The world is full of dangerous places.  As parents, we know that we can only protect our children so far.  At some point, they will encounter people and situations that can hurt them.  Our role is to teach them to make good choices, to be loving and compassionate individuals, and to trust in the One that can guide them from death into life.  This is why we baptize.

 

Look around you.  All is not right.  It is our human condition that we live in a world that is fallen from relationship with the Creator.  It is marred by competition, pride, hatred, and fear.  We build walls to keep people out who are not like us.  We do not want to share because we are afraid that there will not be enough.  We are scared to love because we will be hurt or condemned by others.  No baby is sinful.  But each infant is born into this dangerous life.  Who will make things right?

 

The good news is that God is putting things right through Jesus Christ.
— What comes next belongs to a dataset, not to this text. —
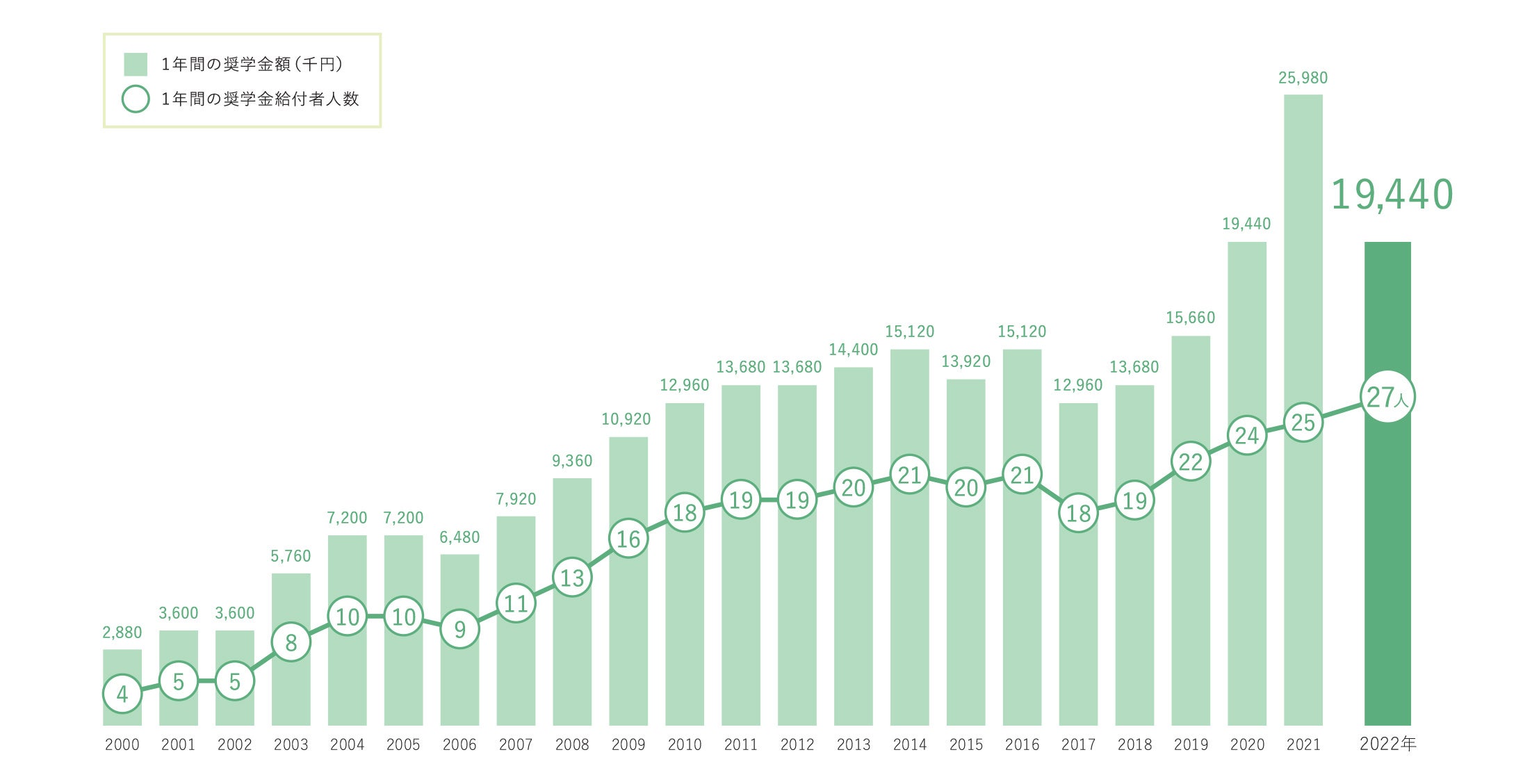 当財団は小児医学の永続的な発展のために小児医学界における将来の担い手の育成や輩出が大切であると考え、1990年に奨学金事業をスタートしました。当初は、埼玉県内の高校を卒業した医学生を対象に貸与型にて行っていましたが、将来的に経済的な負担が残らないよう、2010年に返済義務のない給付型に制度を変更しました。また、2021年度にはコロナ禍で経済的に困窮する学生が増加していることを鑑み、対象者を千葉県内の高校卒業者にも拡大しました。さらに、昨今の急激な物価上昇に応じて、2023年度、給付額を月額7万円に引き上げました。
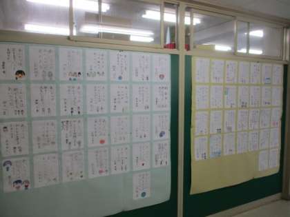 職員室前を通るたび、目を奪われます。本校のあいさつ標語として正式採用したくなるような、4年生のすてきな作品を、全員分読ませてもらいました。子供たちは、あいさつが心を元気にしたり、心と心が通い合うツールになったりすることを、実感しているのだと分かりました。

He is the One sent to rescue us from being asphyxiated by the toxins of this world.  When we are willing to answer in love the One who first loves us, the Holy Spirit throws us a rope and guides us through a dark and narrow passageway into the light.  We know that when a child comes into the world, he or she goes through the birth canal and is born in water and blood.  In the Church we say that we are baptized into the death of Christ because this sacrament of water is a symbol of our passage of rebirth into the resurrection life.  God comes to us and draws us out.  What God has done in Jesus breaks down all the barriers that keep us trapped and apart from experiencing the world as God wants it to be.

 

The book of Ephesians is thought by some to be a preparation manual for baptism.  In its first two chapters, the writer tells us what God has done to unite all things that had been broken apart by sin.  In the last three chapters, we are invited to response to God’s work by living out the resurrection life.  And in the middle as a hinge is the reading of Ephesians 3:14-21.  This amazing passage is a baptismal prayer for the community.  In it, the apostle asks for four things:

  1. That we be strengthened in our inner being
  2. That we be vessels for Christ dwelling within us
  3. That we be empowered to know what God has done for us
  4. That we be filled with the understanding of the love of Christ

 

This is a love that we can’t think our way into.  We have to allow God to make a home in our hearts and trust that promise of new life.  How much can we trust God?  All the way- just as those boys had to trust their rescuers to bring them out of that cave.  It wasn’t something they could do by themselves.  They needed help.

 

As adults, we can make decisions of our own to respond to the love of God in Christ Jesus.  Because we want our children to know this love too, we are willing to risk trusting them to God.  The families of Makena and Avery are showing great courage this morning by bringing their little ones to the sacrament of baptism.  They know that they cannot protect their children from all the dangerous things in this world.  They can’t keep them from experiences of hurt.  But they can bring these little ones to the One who makes all things right.  Jesus Christ is the one who has walked in the dark places and come out the other side victorious.  He is the one who has conquered death and broken down all divisions.  And Jesus is the one that can be trusted in this world and beyond.

 

Baptism is a challenge to those in the world who think they are doing alright and to those who think that we are all doomed.  It is the third way.   It is the way of admitting that all is not right, and that humanity is not capable of fixing what we have broken, but that God forgives, redeems, and guides us into abundant life.  It is a difficult decision.  It is the right decision.  Now to him who by the power at work within us is able to accomplish abundantly far more than all we can ask or imagine, to him be glory in the Church and in Christ Jesus to all generations, forever and ever.  Amen.